Work instructions: Keep the pictures out of the copy and repeat the records exactly.

[Records from a collection]
* * *

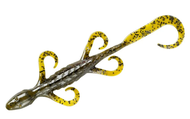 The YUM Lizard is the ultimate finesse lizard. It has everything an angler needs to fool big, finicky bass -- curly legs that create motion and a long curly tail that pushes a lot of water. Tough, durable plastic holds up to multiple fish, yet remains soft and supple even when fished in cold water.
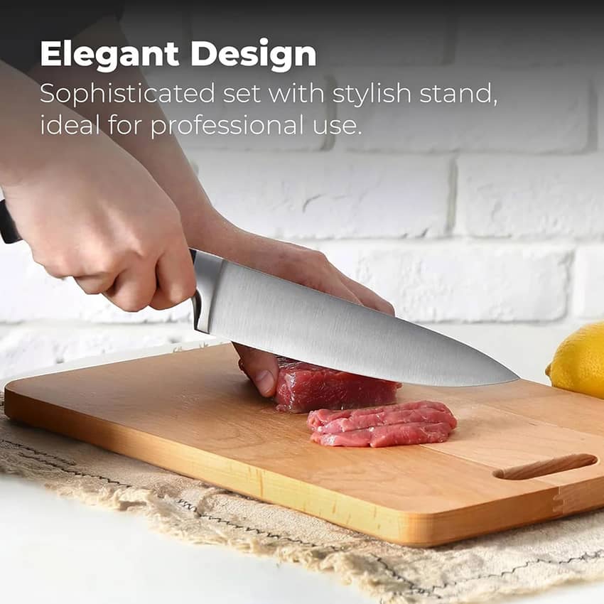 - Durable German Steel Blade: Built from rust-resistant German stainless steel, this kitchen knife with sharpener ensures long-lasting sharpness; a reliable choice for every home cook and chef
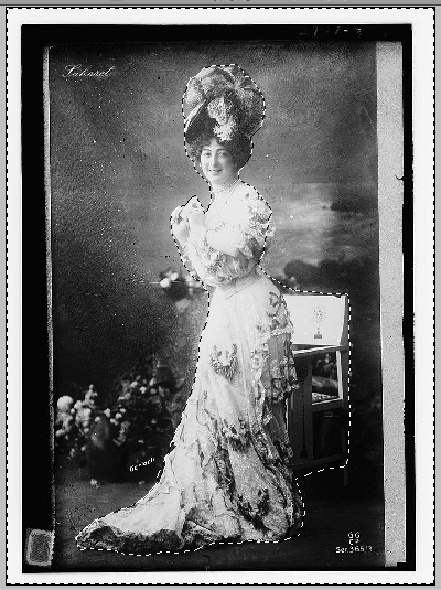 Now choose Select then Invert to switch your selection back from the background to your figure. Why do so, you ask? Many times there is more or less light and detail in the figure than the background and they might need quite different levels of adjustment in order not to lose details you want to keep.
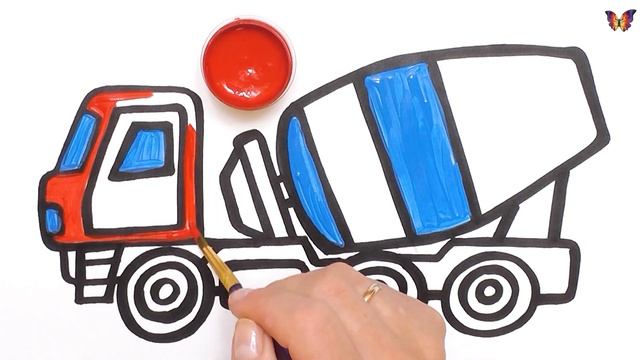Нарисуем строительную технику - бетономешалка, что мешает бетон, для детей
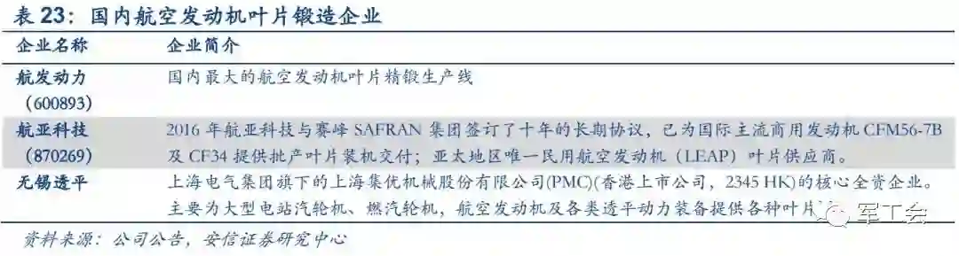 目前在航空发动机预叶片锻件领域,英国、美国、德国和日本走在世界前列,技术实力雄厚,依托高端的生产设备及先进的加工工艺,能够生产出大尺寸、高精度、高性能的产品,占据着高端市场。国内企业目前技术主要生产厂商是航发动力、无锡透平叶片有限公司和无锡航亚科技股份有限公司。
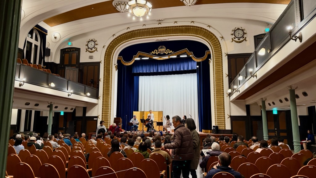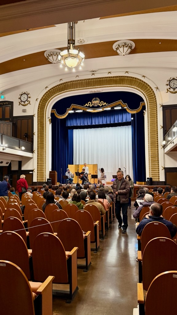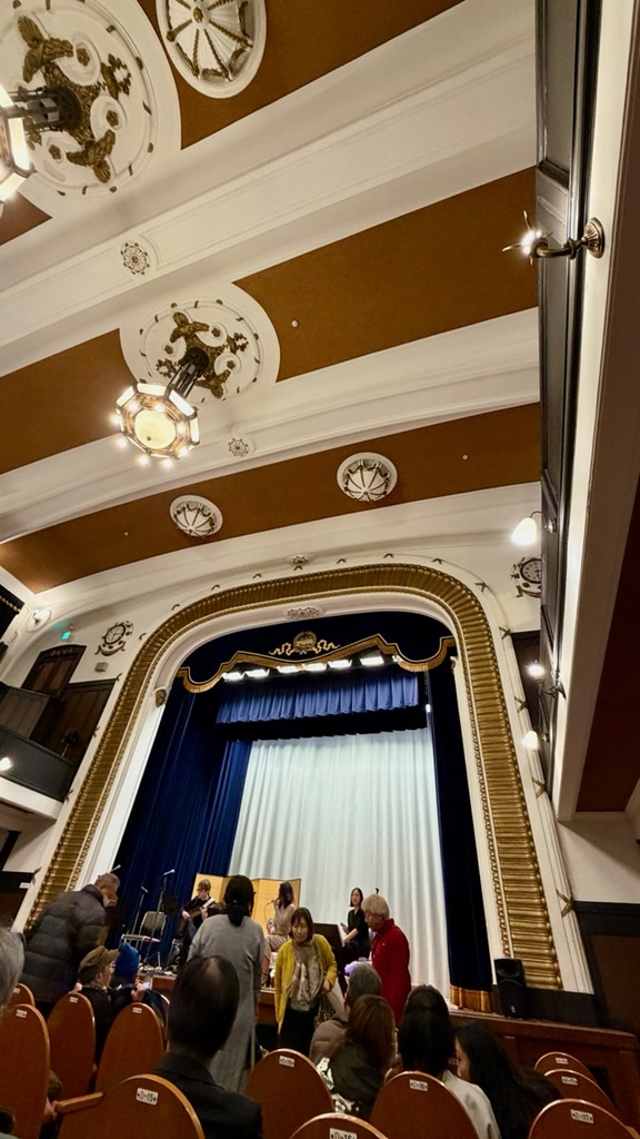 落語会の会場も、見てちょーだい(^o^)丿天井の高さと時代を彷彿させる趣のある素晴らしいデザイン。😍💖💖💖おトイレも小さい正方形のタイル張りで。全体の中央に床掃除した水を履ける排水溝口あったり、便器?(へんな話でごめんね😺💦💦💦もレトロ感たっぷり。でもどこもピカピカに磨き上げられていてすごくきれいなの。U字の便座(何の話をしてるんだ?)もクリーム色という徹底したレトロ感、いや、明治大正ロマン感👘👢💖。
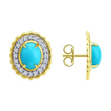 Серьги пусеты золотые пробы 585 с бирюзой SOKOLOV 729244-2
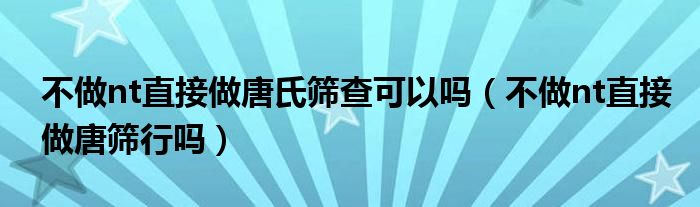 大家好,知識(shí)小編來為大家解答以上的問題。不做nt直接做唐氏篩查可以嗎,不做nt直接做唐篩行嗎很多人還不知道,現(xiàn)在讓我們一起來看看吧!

* * *

Exercise output:
 The YUM Lizard is the ultimate finesse lizard. It has everything an angler needs to fool big, finicky bass -- curly legs that create motion and a long curly tail that pushes a lot of water. Tough, durable plastic holds up to multiple fish, yet remains soft and supple even when fished in cold water.
 - Durable German Steel Blade: Built from rust-resistant German stainless steel, this kitchen knife with sharpener ensures long-lasting sharpness; a reliable choice for every home cook and chef
 Now choose Select then Invert to switch your selection back from the background to your figure. Why do so, you ask? Many times there is more or less light and detail in the figure than the background and they might need quite different levels of adjustment in order not to lose details you want to keep.
Нарисуем строительную технику - бетономешалка, что мешает бетон, для детей
 目前在航空发动机预叶片锻件领域,英国、美国、德国和日本走在世界前列,技术实力雄厚,依托高端的生产设备及先进的加工工艺,能够生产出大尺寸、高精度、高性能的产品,占据着高端市场。国内企业目前技术主要生产厂商是航发动力、无锡透平叶片有限公司和无锡航亚科技股份有限公司。
 落語会の会場も、見てちょーだい(^o^)丿天井の高さと時代を彷彿させる趣のある素晴らしいデザイン。😍💖💖💖おトイレも小さい正方形のタイル張りで。全体の中央に床掃除した水を履ける排水溝口あったり、便器?(へんな話でごめんね😺💦💦💦もレトロ感たっぷり。でもどこもピカピカに磨き上げられていてすごくきれいなの。U字の便座(何の話をしてるんだ?)もクリーム色という徹底したレトロ感、いや、明治大正ロマン感👘👢💖。
 Серьги пусеты золотые пробы 585 с бирюзой SOKOLOV 729244-2
 大家好,知識(shí)小編來為大家解答以上的問題。不做nt直接做唐氏篩查可以嗎,不做nt直接做唐篩行嗎很多人還不知道,現(xiàn)在讓我們一起來看看吧!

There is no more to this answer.